Once home, I tested the new paint on the door at the bottom, where it could be hidden by the kickplate if it clashed horribly and I needed to come up with a Plan C. But luckily...


Ehh, close enough! Thank goodness! (Wait, can you even see where I painted? Just barely? Then mission accomplished, baby.)

After giving myself a high five, I proceeded to prep the door for painting. I first wiped off all the polleny-grossness with Windex, then taped off the doorknob and deadbolt, being far too lazy to remove them for this little job.


Thanks to the color-matching drama, by this point I was in the home stretch! I used a cheap foam brush for the edging and panel frames (foam = fewer brush strokes):


And a small foam roller for the rest:


In less than an hour we had a freshened front door! No more polka dots! Well, at least, less-obvious polka dots.


I kept the door cracked open as long as I possibly could – intentionally starting this project on a nice-weather day – to allow the paint to fully cure.
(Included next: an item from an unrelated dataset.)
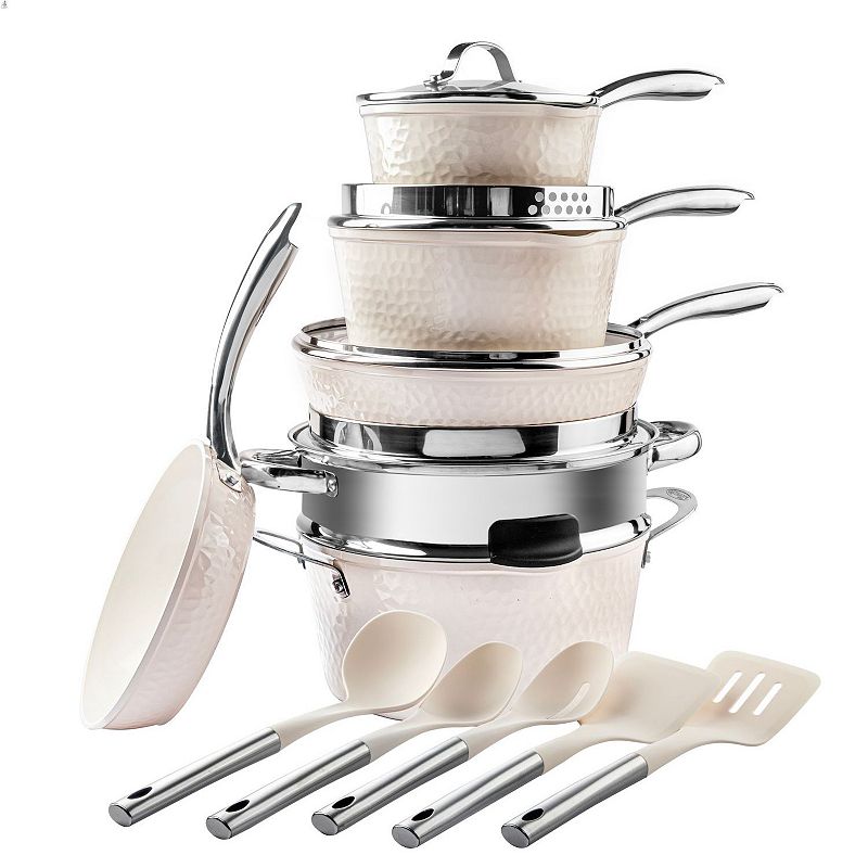 Gotham Steel Hammered 15 pc Cream Ultra-Ceramic Nonstick Cookware Set with Utensils, IvoryElegant yet practical - the Gotham Steel hammered collection is beautiful and makes a statement in every kitchen, yet nonstick, lightweight, scratch resistant and dishwasher safe. Elegant yet practical - the Gotham Steel hammered collection is beautiful and makes a statement in every kitchen, yet nonstick, lightweight,Gotham Steel

I think we left it cracked for about four hours, then closed it to run errands for an hour, and left it open again for a few more hours once we returned home. Maybe that was overkill, but we didn’t have any paint sticking to the doorframe!

And of course, one of the most important parts of this job in terms of getting it ready to sell:


The future owner of this home won’t be caught wandering around the paint counter with dried paint blobs, oh no! And there’s plenty left in the quart for when the shutters need a coat.

This is just one of many to-market-we-will-go projects we tackled recently... stay tuned!

1 comments:

Anonymous said...

Wax paper between the paint and the magnet! Thank you for this tip. I wanted to use a magnet, but was sure my paint would stick to it.